For a number of reasons, a "study and amend" directive is a highly effective means of congressional influence over sentencing policy. Congress retains the authority, and will inevitably have the opportunity, to review the adequacy of any Sentencing Commission analysis and amendment response. The Sentencing Commission, by statute, must report any amendments to Congress by May 1 of each year, and Congress thereafter has an 180-day period to review the adequacy of what is included (or omitted) from the Sentencing Commission's amendment report.

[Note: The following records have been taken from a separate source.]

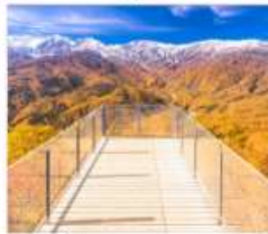
นั่งกระเช้าฮาคูมะ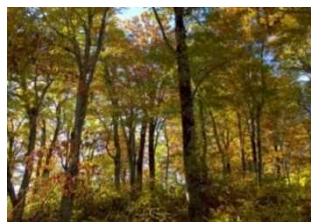
7) 白神山地 (青森県西目屋村ほか)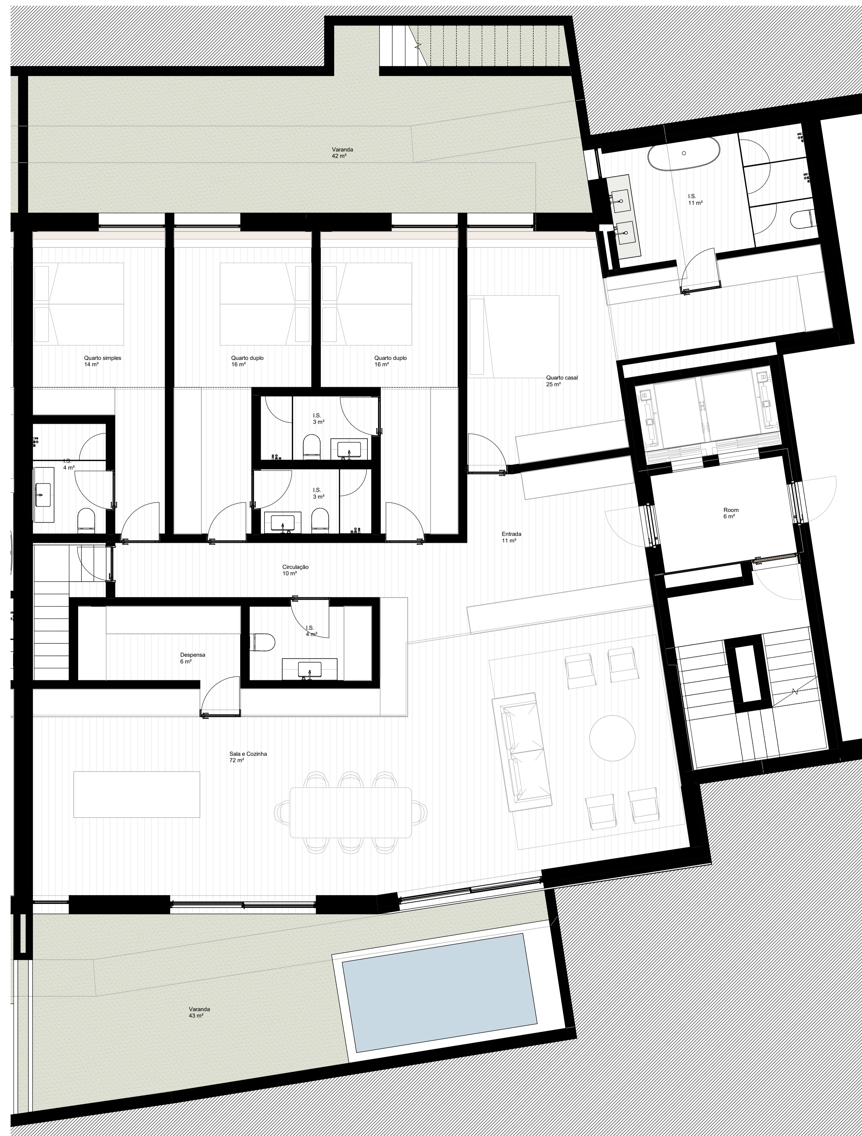
V09_AS.T4.9 1 : 50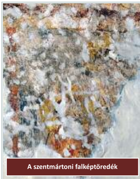
A szentmártoni falképtöredék

A magyarországi gótikus templomfestészetben a Jézus gyermekségét megjelenítő ciklusból kétség kívül a „ Királyok imádása ” volt a legkedveltebb, amely gyakran vonulások ábrázolását is magában foglalta (lásd példaként a Vas megyei Velemér templomát). Ez a népszerűség pedig annak tudható be, hogy a Magyarországról az idő tájt igen gyakran Aachenbe induló zarándokok útjuk során érintették a kölni dómot is. Ott pedig megcsodálhatták a háromkirályok ereklyéit, amelyeket 1164-ben I. (Rótszakállú) Frigyes német-római császár vitetett oda Milánóból. [Kiss Gábor]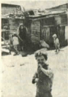
Así viven miles familias de trabajadores mientras el General continua construyendo mansiones para él y su parentela.

A la plantación de almendros y nogales se han sumado otros árboles en correcta formación, que emulan al destacamento de boinas negras que cada mañana se alinea bajo los balcones del Capitán General.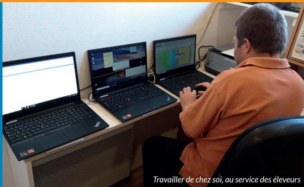
Travailler de chez soi, au service des éleveurs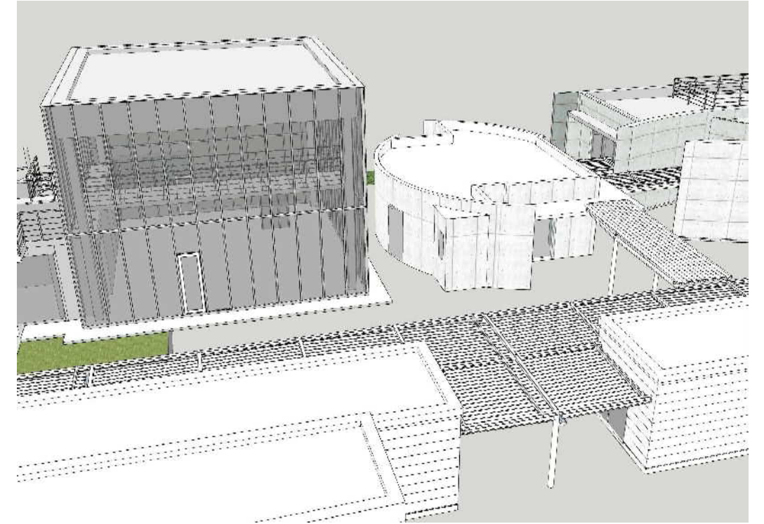
イベントホール棟・道の駅トイレ棟・更衣管理棟

Moreover, a directive combining analysis and appropriate amendments closely adheres to the manner in which the Sentencing Reform Act indicated the Sentencing Commission should approach the evolutionary task of improving its guidelines and policy statements. Congress gave the Sentencing Commission distinct, ongoing tasks to compile and analyze data on sentences imposed, as well as to conduct other sentencing research. It is therefore entirely appropriate for Congress to require the Sentencing Commission to combine its research, analysis, and guideline amendment functions to address aspects of criminal conduct of particular concern to Congress. In light of the multifaceted responsibilities Congress gave the Sentencing Commission in the Sentencing Reform Act, the Sentencing Commission particularly commends this approach for Congress's consideration.
There are a number of ways in which Congress effectively can shape sentencing policy without resorting to mandatory minimum provisions. Working together with the Sentencing Commission, Congress has already provided an opportunity to demonstrate the viability of these alternative mechanisms. There is every reason to expect that their continued and expanded use would meet with equal success.